In terms of potential applications for AI tech, the the focus is on opportunities that really allow for greater human interaction, he says:
We want to see what can our customers expect for a more personalised digital experience, made possible by the Starbucks AI initiative we call Deep Blue, which is really tailored to look at where customers live, what they order, what their habits are and what the tendencies would be.
So certainly for us, leveraging AI to deepen the digital relationship and architecting experiences that provide that experiential retail touch point to customers, is something where we want to surprise and delight our customers in new and different ways. We certainly are looking at use cases that align with our values . We want this to be cool, not creepy, technology for us. A lot of the AI/ML for us is based on a foundation of data democratisation.

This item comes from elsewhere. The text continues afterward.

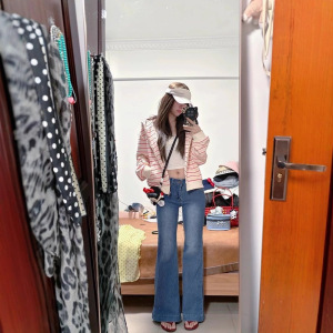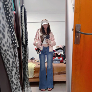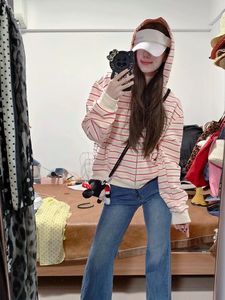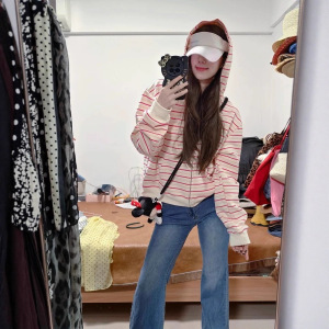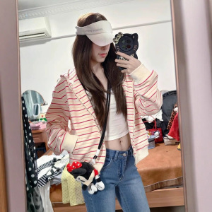 2025秋季新款学院风休闲百搭慵懒风条纹连帽卫衣外套
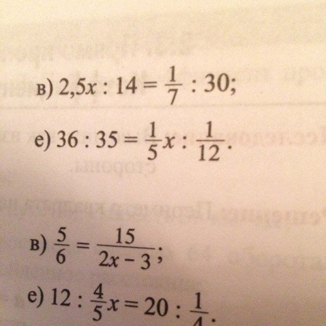 2) 36:35=1/5x:1/12

That concept of democratisation remains hugely important, he adds:
It's important for our digital transformation. We want the technology teams to get out of the way and for the people who need to use the data to understand the data so they can analyse it. How can we enable some of those self-service capabilities and other things in our AI? It has to be explainable AI at the end of the day, so we are looking at ways of improving the partner experience. It's not just customer experience that we're focused on, but for our partners in our store. Are there tasks around inventory management or forecasting or labor scheduling, where we can take out some of the manual work and the guesswork and enhance the partner experience? We all need to be data-literate at Starbucks and be able to explain how we're using AI.

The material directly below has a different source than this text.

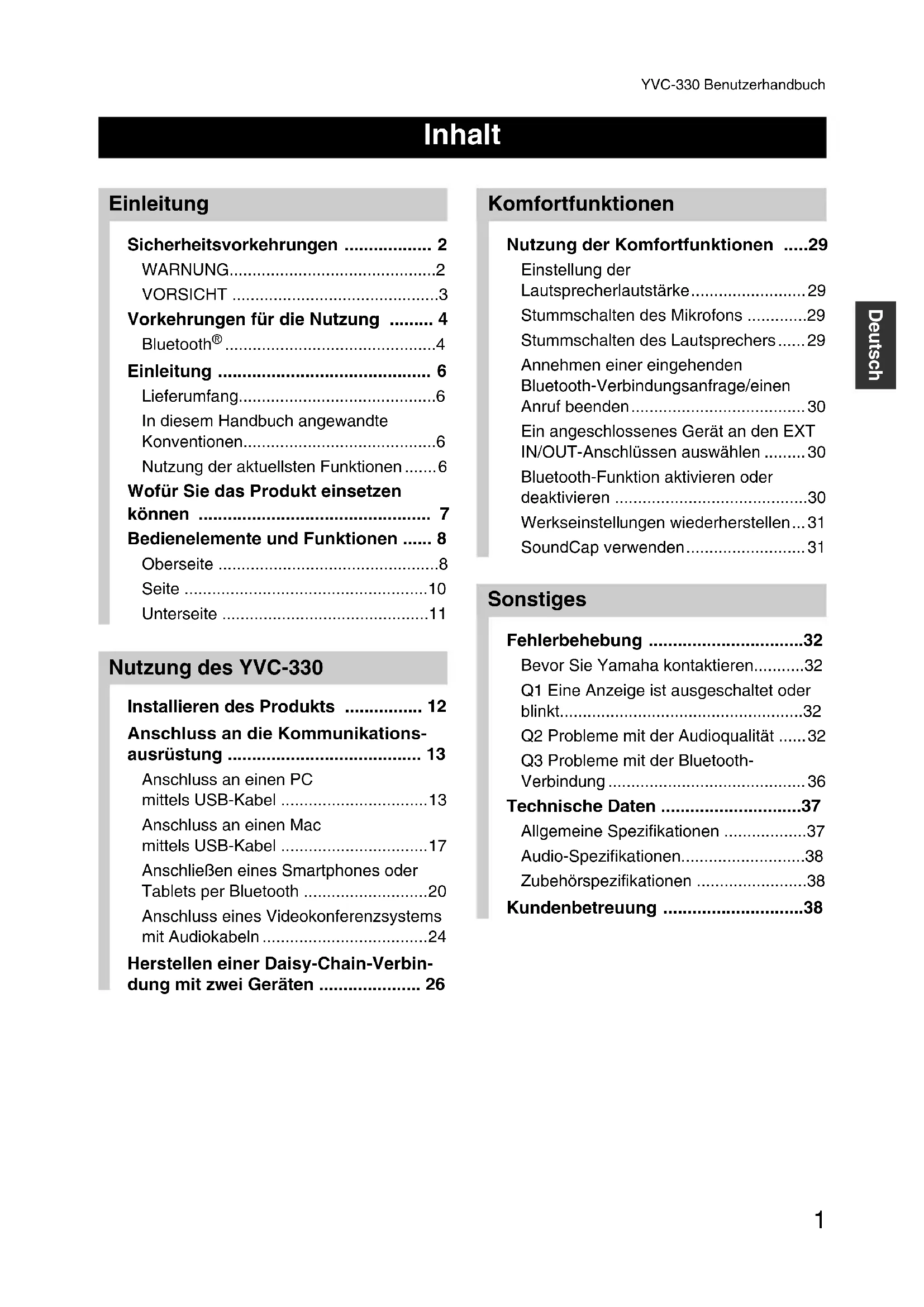 onf erenzraum verwenden. Wenn Sie SoundCap aktiviert haben, installieren Sie dieses Produkt innerhalb von 1 m von allen Teilnehmern. (→Seite 12) ■ Einstellungen von SoundCap überprüfen Wenn das Mikrofon nicht stummgeschaltet ist und die Mikrofon-Anzeige blau leuchtet, ist SoundCap aktiviert; wenn sie grün leuchtet, ist SoundCap deaktiviert. ■ SoundCap aktivieren oder deaktivieren Drücken Sie gleichzeitig die Mikrofon- Stummschaltungstaste ( ) und die Lautstärketaste ( ). Ein Benachrichtigungston erklingt und SoundCap ist aktiviert oder deaktiviert. Werkseinstellungen wiederherstellen SoundCap verwenden Hinweis32 YVC-330 Benutzerhandbuch Lesen Sie dieses Handbuch, um zu überprüfen, ob das Problem behoben werden kann. Wenn das Problem weiterhin besteht, wenden Sie sich bitte an den Händler, bei dem Sie das Produkt erworben haben. Fehlerbehebung Bevor Sie Yamaha kontaktieren Q1 Eine Anzeige ist ausgeschaltet oder blinkt Symptom Ursache Maßnahme Das Produkt scheint ausgeschaltet zu sein. Das USB-Kabel ist getrennt (und alle Anzeigen sind ausgeschaltet). Vergewissern Sie sich, dass das USB-Kabel ordnungsgemäß mit dem PC oder Mac verbunden ist. (→Seite 13, Seite 17) Sie können den Gesprächspartner nicht hören. Das Produkt ist noch nicht betriebsbereit (wenn sich die LEDs auf der Lautstärkepegel-Anzeige vor und zurück bewegen). Warten Sie, bis das Produkt gestartet wurde. (→Seite 9) Das Produkt ist im Konfigurationsmodus (wenn die Mikrofon-Anzeige weiß blinkt). Beenden Sie den Konfigurationsmodus. (→Seite 30) Es ist ein Fehler aufgetreten (wenn die Mikrofon-Anzeige schnell rot blinkt). Zwei übergeordnete Geräte sind mit einer Daisy-Chain-Verbindung verbunden (wenn nur die linke Lautstärkeanzeige grün leuchtet). Wählen Sie, welches Gerät als übergeordnetes Gerät fungiert. (→Seite 27) Ein Firmware-Update ist fehlgeschlagen (falls ausschließlich die zweite Lautstärkepegel-Anzeige [von links] grün leuchtet). Versuchen Sie erneut, das Firmware-Update durchzuführen. Es ist ein Software- oder Hardware-Fehler aufgetreten (falls die Lautstärkepegel- Anzeige in einem anderen Muster grün aufleuchtet). Lassen Sie das Produkt reparieren. Q2 Probleme mit der Audioqualität Symptom Ursache Maßnahme Sie können den Gesprächspartner nicht hören. Der Lautsprecher ist stumm geschaltet. Heben Sie die Stummschaltung des Lautsprechers auf. (→Seite 29) Die Lautstärke des Lautsprechers ist auf das Minimum eingestellt. Erhöhen Sie die Lautstärke. (→Seite 29) Auf dem per USB angeschlossenen PC oder Mac ist ein anderer Lautsprecher als YVC-330 für die Telefonieanwendung ausgewählt. Wählen Sie „YVC-330“ in den Lautsprecher- Geräteeinstellungen der Telefonieanwendung.33 YVC-330 Benutzerhandbuch Deutsch Sie können den Gesprächspartner nicht hören. Das Mikrofon des Gesprächspartners ist stumm geschaltet. Bitten Sie den Gesprächspartner, die Stummschaltung seines Mikrofons aufzuheben. Die Mikrofonempfindlichkeit des Gesprächspartners ist auf das Minimum eingestellt. Bitten Sie den Gesprächspartner, die Mikrofonempfindlichkeit zu erhöhen. Der Gesprächspartner kann Sie nicht hören. Ihr Mikrofon ist stumm geschaltet. Heben Sie die Stummschaltung Ihres Mikrofons auf. (→Seite 29) Die Mikrofonempfindlichkeit des per USB angeschlossenen PCs oder Macs ist auf das Minimum eingestellt. Erhöhen Sie die Mikrofonempfindlichkeit auf diesem Rechner. (→Seite 16, Seite 19) Auf dem per USB angeschlossenen PC oder Mac ist ein anderes Mikrofon als YVC-330 für die Telefonieanwendung ausgewählt. Wählen Sie „YVC-330“ in den Mikrofon-Geräteeinstellungen der Telefonieanwendung. Das Lautsprecher des Gesprächspartners ist stumm geschaltet. Bitten Sie den Gesprächspartner, die Stummschaltung seines Lautsprechers aufzuheben. Die Lautsprecher-Lautstärke des Gesprächspartners ist auf das Minimum eingestellt. Bitten Sie den Gesprächspartner, die Lautstärke seines Lautsprechers zu erhöhen. Der Gesprächspartner kann keine Töne hören, die weit von diesem Produkt entfernt sind. SoundCap ist aktiviert. Deaktivieren Sie SoundCap. (→Seite 31) Sie hören Echos. Der Gesprächspartner hat ein Problem mit seiner Gerätekonfiguration oder Betriebsumgebung.

Ultimately having a strong data-centric mindset will support further acceleration of digital transformation across Starbucks franchises and channel business, concludes Naidu:
Today Starbucks has nearly 33,000 company-operated and licensed stores around the world; by 2030, we expect to reach approximately 55,000 stores and continue to develop experiences that address evolving customer routines. In the US, this will be a mix of new store formats and experiences, including drive-thru Starbucks and curbside pick-up, designed to meet customers where they want to engage with Starbucks. All this is possible due to the data foundation we have built and the ability to quickly surface development analytics and visualisations through the Tableau platform that we have here at Starbucks.